■ WHAT TO DO: What you need to produce from the material below is an exact transcription of the lines from the one with "Mile High Life" through the one with "2.3.1.1. Иметь отформованную", both included, and no other line.

■ EXERCISE INPUTS:

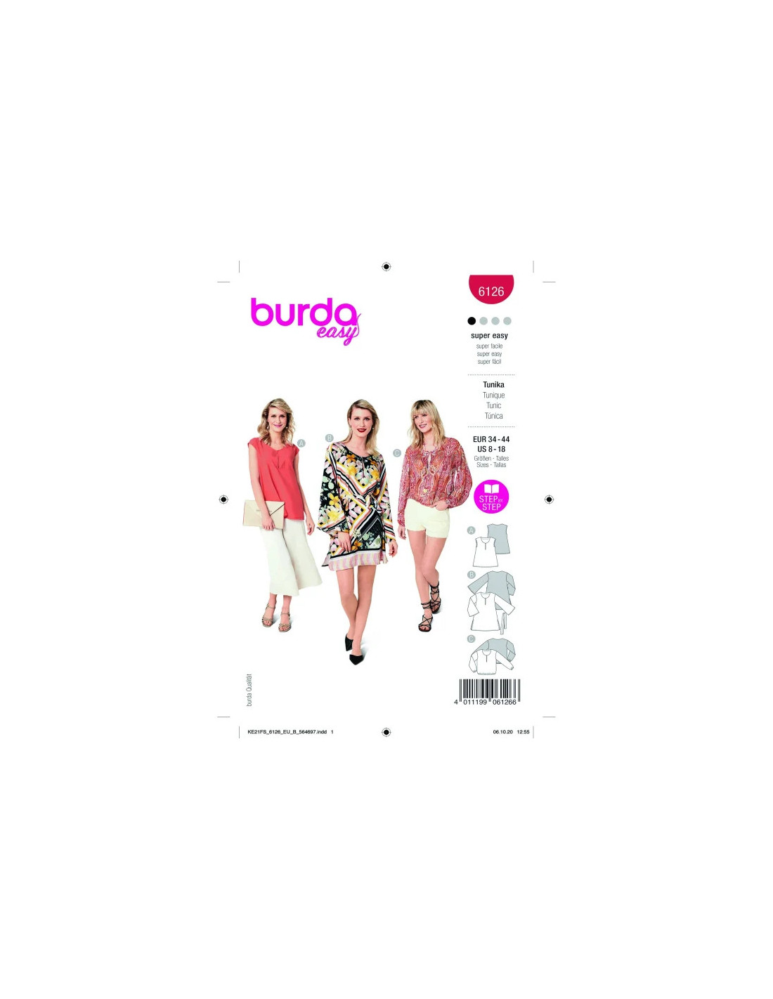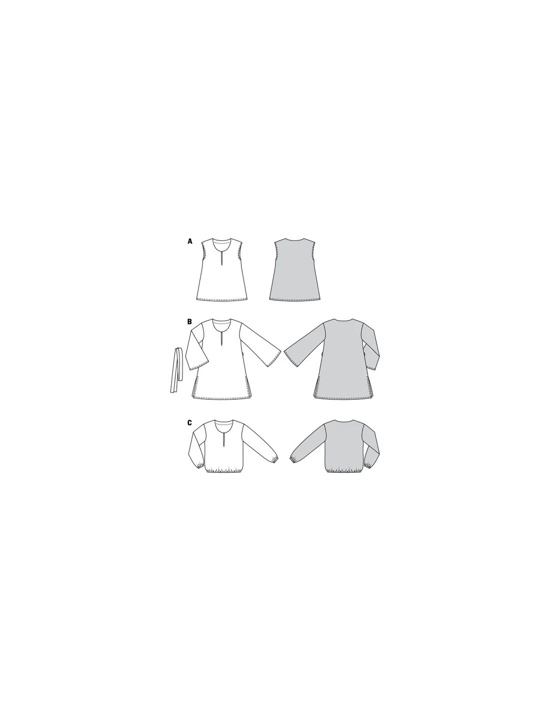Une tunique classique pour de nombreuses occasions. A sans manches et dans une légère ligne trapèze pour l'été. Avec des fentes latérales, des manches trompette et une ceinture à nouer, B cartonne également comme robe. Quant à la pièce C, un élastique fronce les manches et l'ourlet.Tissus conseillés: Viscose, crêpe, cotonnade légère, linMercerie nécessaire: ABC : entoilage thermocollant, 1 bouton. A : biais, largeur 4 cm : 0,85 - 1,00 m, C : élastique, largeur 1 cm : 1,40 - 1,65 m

==

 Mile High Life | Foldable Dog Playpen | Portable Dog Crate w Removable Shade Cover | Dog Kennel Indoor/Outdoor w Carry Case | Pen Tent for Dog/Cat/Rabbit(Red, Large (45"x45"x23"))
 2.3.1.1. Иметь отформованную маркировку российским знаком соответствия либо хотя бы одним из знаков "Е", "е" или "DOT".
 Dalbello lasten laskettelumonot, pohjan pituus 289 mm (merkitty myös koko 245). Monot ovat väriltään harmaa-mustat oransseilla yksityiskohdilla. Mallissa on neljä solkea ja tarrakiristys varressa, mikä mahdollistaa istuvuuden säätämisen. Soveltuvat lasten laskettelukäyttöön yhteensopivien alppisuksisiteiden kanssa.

■ ANSWER SECTION:
 Mile High Life | Foldable Dog Playpen | Portable Dog Crate w Removable Shade Cover | Dog Kennel Indoor/Outdoor w Carry Case | Pen Tent for Dog/Cat/Rabbit(Red, Large (45"x45"x23"))
 2.3.1.1. Иметь отформованную маркировку российским знаком соответствия либо хотя бы одним из знаков "Е", "е" или "DOT".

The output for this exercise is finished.